Infrastructure Engineer
About the Role
You will operate and improve production infrastructure, manage incidents and participate in on-call rotation, and design and execute scalable solutions across multi-cloud Kubernetes environments. You will automate repetitive processes, improve monitoring and alerting, document systems thoroughly, and drive reliability and performance improvements.
Requirements
- Experience operating mission-critical services and owning reliability/uptime/SLA
- Certified Kubernetes Administrator (CKA)

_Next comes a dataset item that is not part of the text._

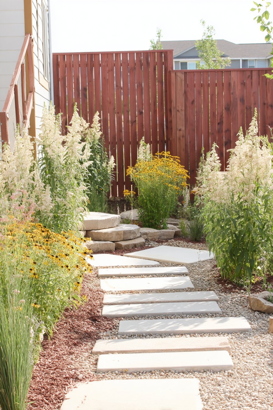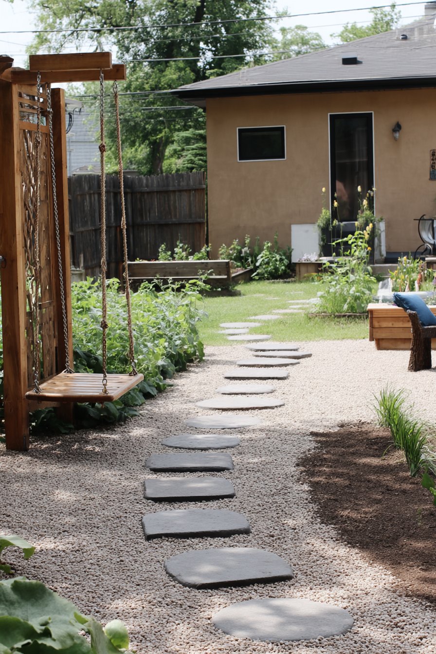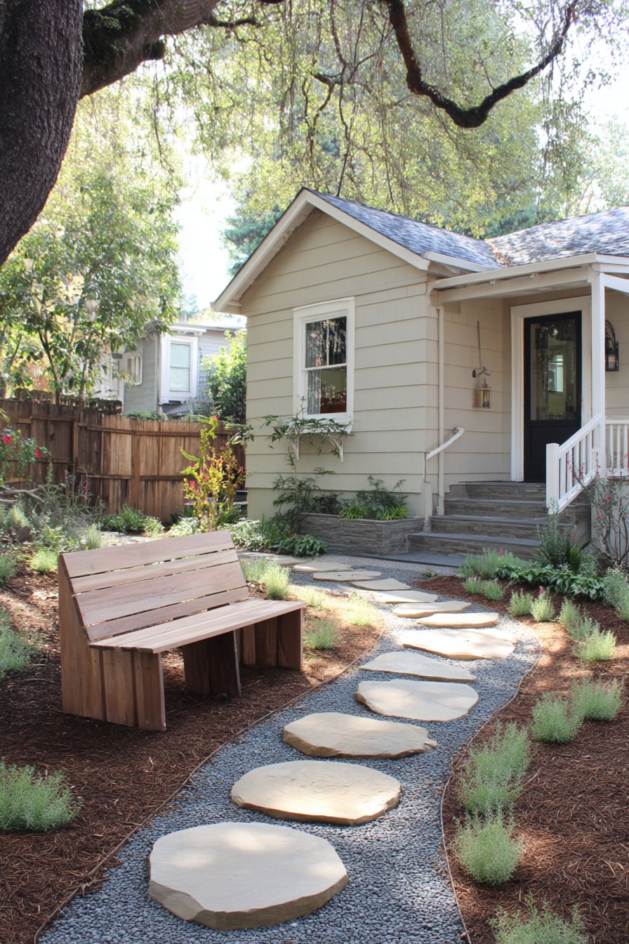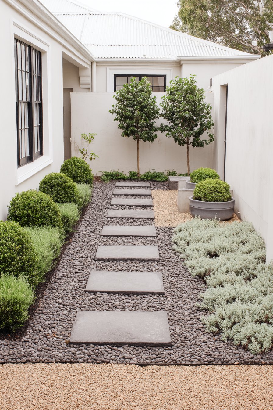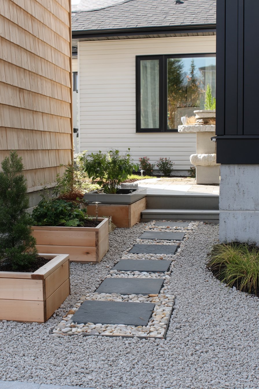 The sleek slate stepping stones, bordered by smooth pebbles, create a modern and inviting pathway that harmonizes beautifully with lush greenery. For a similar aesthetic, incorporate raised wooden planters filled with hardy plants like lavender or ornamental grasses for texture and color contrast.
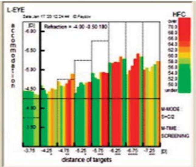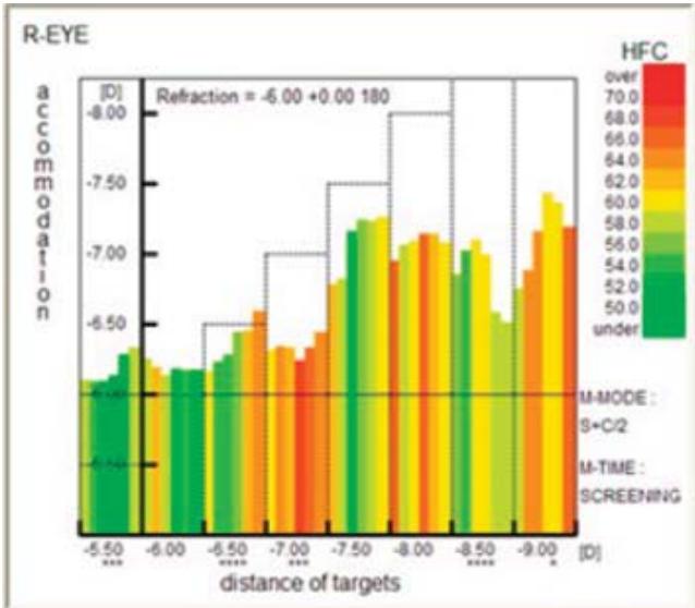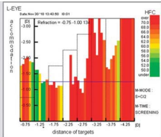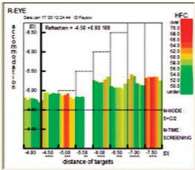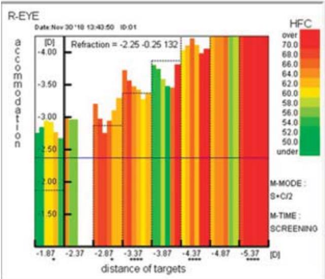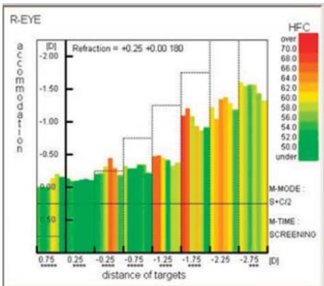 Fig. 4: Accomodogram of a child with high myopia. Autorefractometer Righton Speedy-K ver. MF-1

- Americas time zone availability
- Production experience with containers and orchestration platforms such as Kubernetes or Nomad
- Infrastructure automation tools such as Helm, Terraform, Terragrunt, or Ansible
- Monitoring solutions such as Grafana, Prometheus, VictoriaMetrics, or BetterUptime
- Public cloud experience with providers such as AWS, GCP, or Azure
- Programming skills in Python and/or Go
- RDBMS experience
- Proficient in Linux and shell
- Strong systems thinking including edge cases and failure modes
- Enthusiastic attitude and habit of documenting work
- Strong interest in blockchain technologies
Responsibilities
- Maintain and improve reliability and scalability of services
- Operate and manage multi-cloud Kubernetes clusters using Infrastructure as Code
- Manage incidents and participate in on-call rotation
- Improve monitoring and alerting
- Automate repetitive processes to reduce workload
- Plan, design, and execute infrastructure solutions
- Identify scalability bottlenecks and drive long-term resolution
- Improve and maintain documentation
- Share domain knowledge with team members
Benefits
- Stock options
- Flexible schedule
- Paid weekend on-call per month